Getting Creative for Candlemas

        When we first started exploring the liturgical year of the Christian church, one of my favorite things to learn about were the old holidays that you just dont hear about any more, with lovely lyrical names straight out of a Jane Austen novel. One of these lovely old holidays is today— Candlemas!
  Candlemas– “candlemus”– in your best old English accent— celebrates the presentation of the baby Jesus at the temple and the purification of the Virgin Mary. As the story goes, St. Simeon and Anna recognize the infant as the longed for Messiah, the ‘light of the world’ in human form.
   Old tradition holds that this day is the day people would bring their candles to the church to be blessed by their priest. The candles, so special and blessed, were supposed to be able to ward of any ghosts or goblins which might be roaming the hillsides, and keep the little cottages safe and under God’s protection. 
   There is no better sign of safety and warmth than a candle in the window, is there not? And in this time, as winter wanes but spring is not yet here, Candlemas ushers in the promise of Lent and later, Easter.

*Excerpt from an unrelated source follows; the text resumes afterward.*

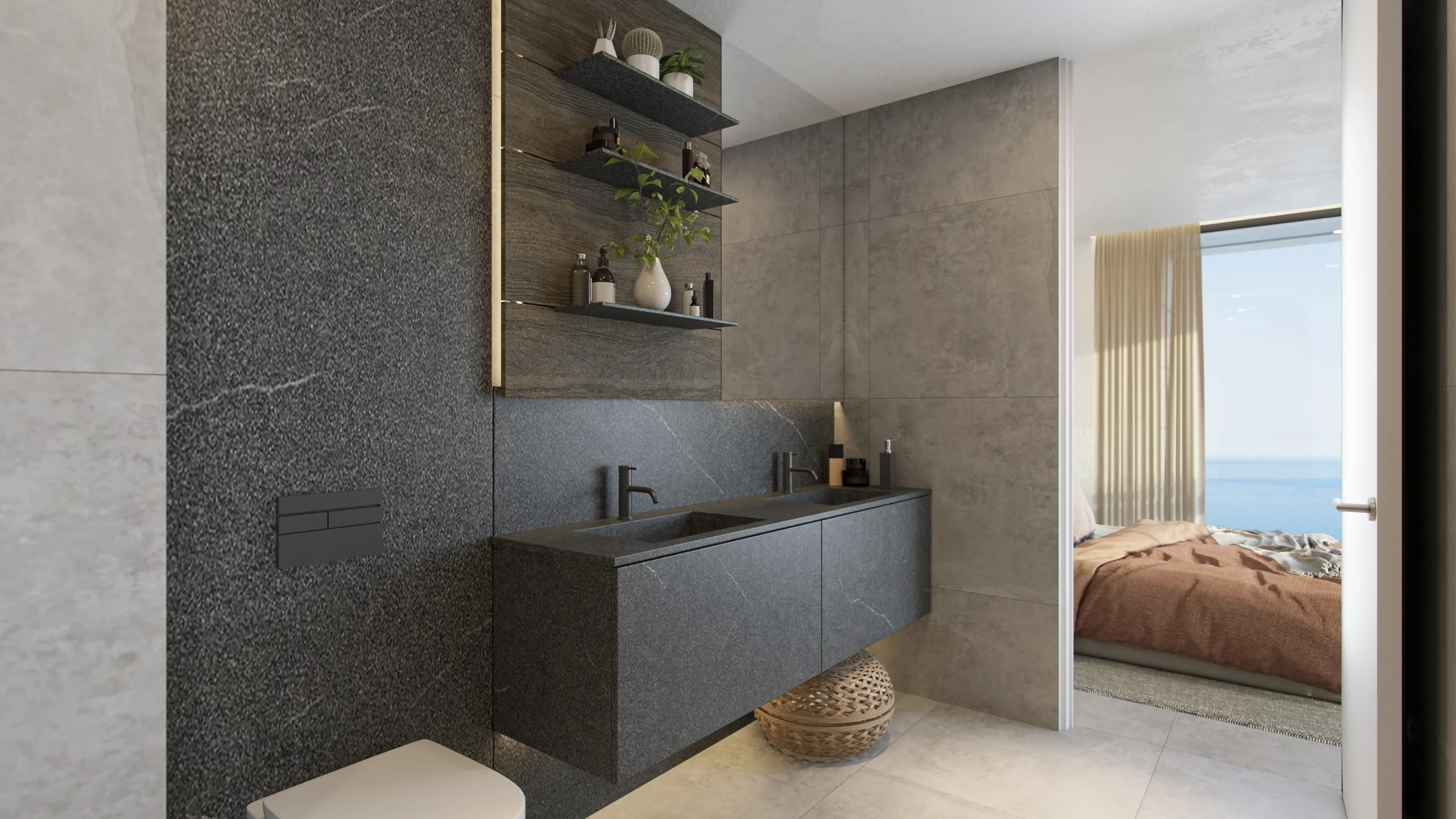 Comprend des appareils sanitaires suspendus haut de gamme avec des systèmes de contrôle sophistiqués pour l’hygiène et la commodité.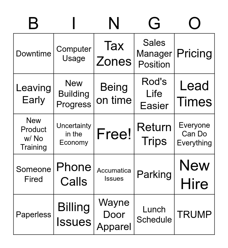 This bingo card has a free space and 24 words: Phone Calls, Billing Issues, Being on time, Paperless, Pricing, Downtime, Leaving Early, Computer Usage, Return Trips, Accumatica Issues, Rod's Life Easier, New Product w/ No Training, Parking, New Hire, New Building Progress, Lunch Schedule, Everyone Can Do Everything, Tax Zones, Lead Times, Uncertainty in the Economy, TRUMP, Someone Fired, Sales Manager Position and Wayne Door Apparel.

    If you’ve got little ones who you’d like to explore this old Holy Day with, a fun activity that is easy to do is create your own candles! This year I’ve partnered with the Anglican living blog The Homely Hours to offer this fun printable of The Blessed Mother presenting Jesus to Simeon, framed with snowdrops.

   The coloring page is available FREE to download HERE and you can print it out on sticker paper to adhere to a plain votive (which you can usually find at your local grocery store or dollar store) or if you’d rather, modge podge the finished image to the votive glass!

  Artist Bley Hack from Esther Bley has also offered up a beautiful ready-to-use Candlemas image that is so lovely and will look pretty displayed all year long. I just fell in love with her design!

  If you’d like more information on Anglican Candlemas, The Homely Hours has this great post.
For Candlemas information within other traditions you can visit Carrots for Michaelmas for a Roman Catholic perspective and The Greek Orthodox Diocese of America for the Orthodox Christian perspective. 

  All in all, its a lovely little day that I hope you enjoy as much as I do!~
~H

3 thoughts on “Getting Creative for Candlemas

  1. Candlemas is one of the most charming and little-known church year celebrations. It's so little-known that I celebrate it alone each year 🙂 with a candlelit service at home. Last year, I drew a Candlemas program sheet for the service; I've had it sitting on my desk ever since. There is something so special there….Judging from your lovely drawing, you must know that snowdrops are also called Candlemas Bells. Elizabeth Goudge could probably hear them ringing as the Savior walked by…I read somewhere yesterday (in The Child From the Sea) that the bell flowers no longer ring when you take them inside, but it's still worth it to so do.